By Tim Graettinger, Ph.D., Feb 2012
Yes or no. Buy or sell. Renew or cancel. Many customer behaviors have this flavor of a choice between two alternatives. Suppose software called a "classifier" (explained more below) is available to predict customer choices in advance. Would you use it? Why or why not? Perhaps you'd like to test it to see how well it performs before you commit. In this installment of my ongoing series on the nuts and bolts of data mining, I discuss the use of classifiers and the question of performance. Regarding performance, we specifically consider hits, misses, false alarms, and the ROC curve that pulls them all together.
The trade-off between hit rate and false alarm rate depends on both the classifier and the choice of threshold. Since we are testing a particular classifier, we make no changes there. That leaves the threshold as the sole adjustment knob. Stop reading for a moment and imagine what happens to the hit rate and the false alarm rate as you raise the threshold. What happens when you lower it?

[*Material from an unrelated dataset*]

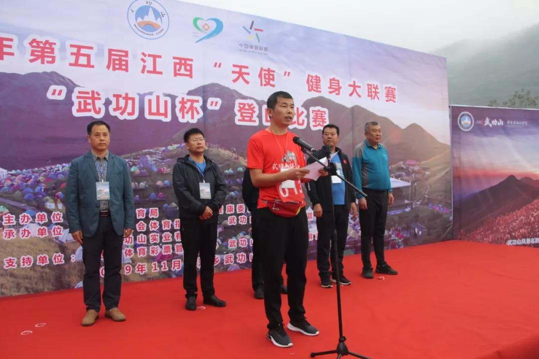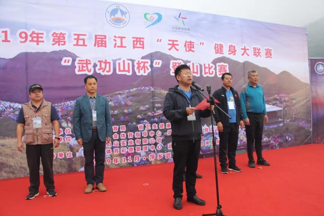 萍乡武功山风景名胜区党委委员、管委会副主任景国成在开幕式致辞。他首先代表萍乡武功山向莅临景区的领导、嘉宾、运动员、教练员和裁判员表示热烈的欢迎,对长期以来关心、支持、帮助武功山发展的各界朋友表示衷心的感谢。他强调,江西“天使”健身大联赛是我省卫生系统高瞻远瞩、影响巨大的健身工程,富有深远的意义。第五届江西“天使”健身大联赛登山比赛在武功山举行,必将为武功山增强软实力、丰富文旅产品、促进形成新业态、推动“体育+”融合发展、加快推进全域旅游发挥重要作用。同时作为承办方,将举全区之力做好各项赛事准备工作,为大赛做好各项安全保障和服务工作,确保大赛顺利进行、精彩呈现。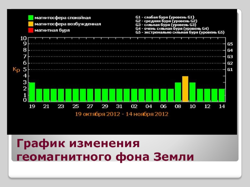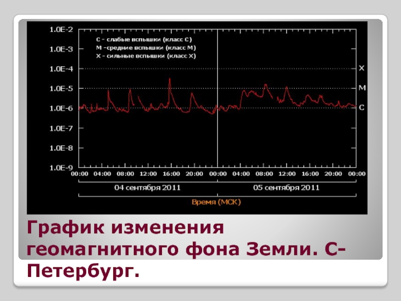 Слайд 20График изменения геомагнитного фона Земли. С-Петербург.

Here's the answer: when you lower the threshold, more claims fall into the disallowed bucket, which generally will include more hits. As a result, the hit rate goes up -- but so does the false alarm rate. Conversely, when you raise the threshold, you get higher-quality hits, but fewer of them. On the plus side, you produce fewer false alarms.
The ROC Curve
Wouldn't you like to try a few different thresholds to see how the hit rates and false alarm rates change? Why not try ALL threshold values?! That, in fact, is the purpose of the ROC curve shown in Figure 1. The horizontal axis is the false alarm rate, and the vertical axis is the hit rate. One choice of threshold produces one point on the curve, a combination of false alarm rate and hit rate. Another choice produces another point. By varying the threshold across a range of values, say from 0 to 1, you generate the entire curve (in blue) for the classifier. Small values for the threshold produce points in the northeast corner of the graph, corresponding to high hit rates and high false alarm rates. High threshold values, conversely, generate points in the southwest corner, where the hit rates and false alarm rates are both low.